In some examples, the risk for adverse events for home infusions may be predicted by combining a disease model, a drug model, and a patient co-morbidity model. The disease model may generate a first risk score for the patient based on the type of cancer the patient has, for example. The drug model may generate a second risk score for the patient based on the type(s) of drug(s) being administered to the patient via the chemotherapy. The co-morbidity model may generate a third risk score for the patient based on the patient's co-morbidities. Each risk score may reflect a likelihood that the patient may undergo an adverse event while receiving chemotherapy. Other models may also be included, such as a biomarker model that generates a fourth risk score based on patient biomarkers (e.g., tumor genotype, tumor proteins). Each individual risk score may be weighted and then combined to generate the final risk score. The final risk score may further include a mitigating factors risk score, which may reflect the patient's ability to receive treatment in the event that an adverse event does occur. The mitigating factors risk score may be based on the patient's distance to a medical facility, availability and type of treatment required for the adverse event(s) predicted for the patient, average outcomes of the predicted adverse event, and so on. The risk scores may be calculated from simple progression of disease (like doubling time of tumor). The risk scores could be calculated from various parameters from patient reported outcomes to the activity levels and/or a combination of above.

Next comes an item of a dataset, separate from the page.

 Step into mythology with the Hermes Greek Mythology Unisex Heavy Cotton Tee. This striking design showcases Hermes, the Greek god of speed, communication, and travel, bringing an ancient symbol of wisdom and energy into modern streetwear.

The risk scores may also be generated by generating data and deploying an AI algorithm leveraging patient vital signs from a home monitoring unit and combining the vital signs with EMR data and the various patient generated outcome data.

At 1108, the method 1100 includes outputting the final risk score for display on a display device. If the combined risk-score (e.g., the final risk score) meets a condition relative to a threshold set in the configuration database, the patient may be deemed suitable for at-home infusion.

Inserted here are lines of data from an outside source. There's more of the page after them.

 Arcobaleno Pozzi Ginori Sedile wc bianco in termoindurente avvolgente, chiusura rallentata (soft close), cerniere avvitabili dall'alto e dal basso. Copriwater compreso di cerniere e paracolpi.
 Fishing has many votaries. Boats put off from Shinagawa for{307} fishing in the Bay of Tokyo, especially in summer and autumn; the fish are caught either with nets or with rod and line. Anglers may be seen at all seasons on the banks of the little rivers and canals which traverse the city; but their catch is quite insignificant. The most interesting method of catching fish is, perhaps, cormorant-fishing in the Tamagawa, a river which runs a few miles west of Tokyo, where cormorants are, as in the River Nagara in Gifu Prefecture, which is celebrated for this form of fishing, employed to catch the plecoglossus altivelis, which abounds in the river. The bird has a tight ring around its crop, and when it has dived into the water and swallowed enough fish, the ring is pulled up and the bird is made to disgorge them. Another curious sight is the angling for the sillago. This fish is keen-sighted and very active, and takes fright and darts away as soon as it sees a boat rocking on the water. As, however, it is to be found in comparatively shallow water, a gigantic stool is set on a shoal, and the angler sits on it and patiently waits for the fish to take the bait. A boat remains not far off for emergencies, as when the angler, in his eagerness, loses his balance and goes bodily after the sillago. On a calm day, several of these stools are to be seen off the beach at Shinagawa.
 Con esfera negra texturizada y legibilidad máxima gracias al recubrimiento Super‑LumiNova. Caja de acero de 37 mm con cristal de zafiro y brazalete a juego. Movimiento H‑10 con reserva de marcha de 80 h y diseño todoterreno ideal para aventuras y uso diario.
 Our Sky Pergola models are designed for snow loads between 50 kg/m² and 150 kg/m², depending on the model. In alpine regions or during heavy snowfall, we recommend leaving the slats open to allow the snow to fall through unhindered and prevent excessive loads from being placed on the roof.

FIG. 12 illustrates a method 1200 for facilitating enhanced report and/or record generation. The method 1200 may be carried out according to instructions stored in memory of a computing device, for example method 1200 may be implemented using the report generation model 127 of the presentation system 102 and may acquire medical data from databases coupled to the presentation system 102, such as the PACS 110, the RIS 112, the EMR database 114, the pathology 116, and the genome 118. Method 1200 may be executed in response to a determination that a report for a patient is being generated (or about to be generated), which may include determining that a user input has been received indicating that a report is to be generated.

At 1202, the method 1200 includes presenting a minimum set of parameters which are being tracked longitudinally for a patient. For example, the minimum set of parameters may be based on the type of the report (e.g., consultation, radiology, pathology, etc.), and the diagnostic purpose of the report in the context of the current stage of treatment (e.g., risk assessment, pre-treatment evaluation, etc.). For example, if the report is created after a consultation for lung cancer risk assessment, the minimum set of parameters as required by the lung cancer treatment guideline may include age, smoking history, previous cancer history, occupational exposures, other lung diseases, and so on. This information is collected from the longitudinal data of the patient.

At 1204, the method 1200 includes collecting data for the minimum set of parameters. For example, collecting data may include retrieving information from longitudinal patient data (e.g., as shown in a patient information timeline), a database of high priority variables, written documents, and so on. High priority variables may include variables which need to be tracked continually throughout the patient's cancer treatment and monitoring progression. For example, the high priority variables may include tumor locations, tumor types, tumor sizes, and primary vs secondary tumor. This database can be created by clinicians as well as created automatically from care guidelines. Written documents (e.g., reports and records) may be tracked and suggestions may be provided to reflect the remaining items. In some examples, standard templates for radiology/pathology reports may be created. In some examples, the parameters that are tracked may be determined by doing user research, combining them with the knowledge of guidelines and key clinical trials that are being pursued in the industry. The same will be enhanced by working with researchers to advance and refine the same to produce new knowledge and scaling of the same from academic centers to community centers.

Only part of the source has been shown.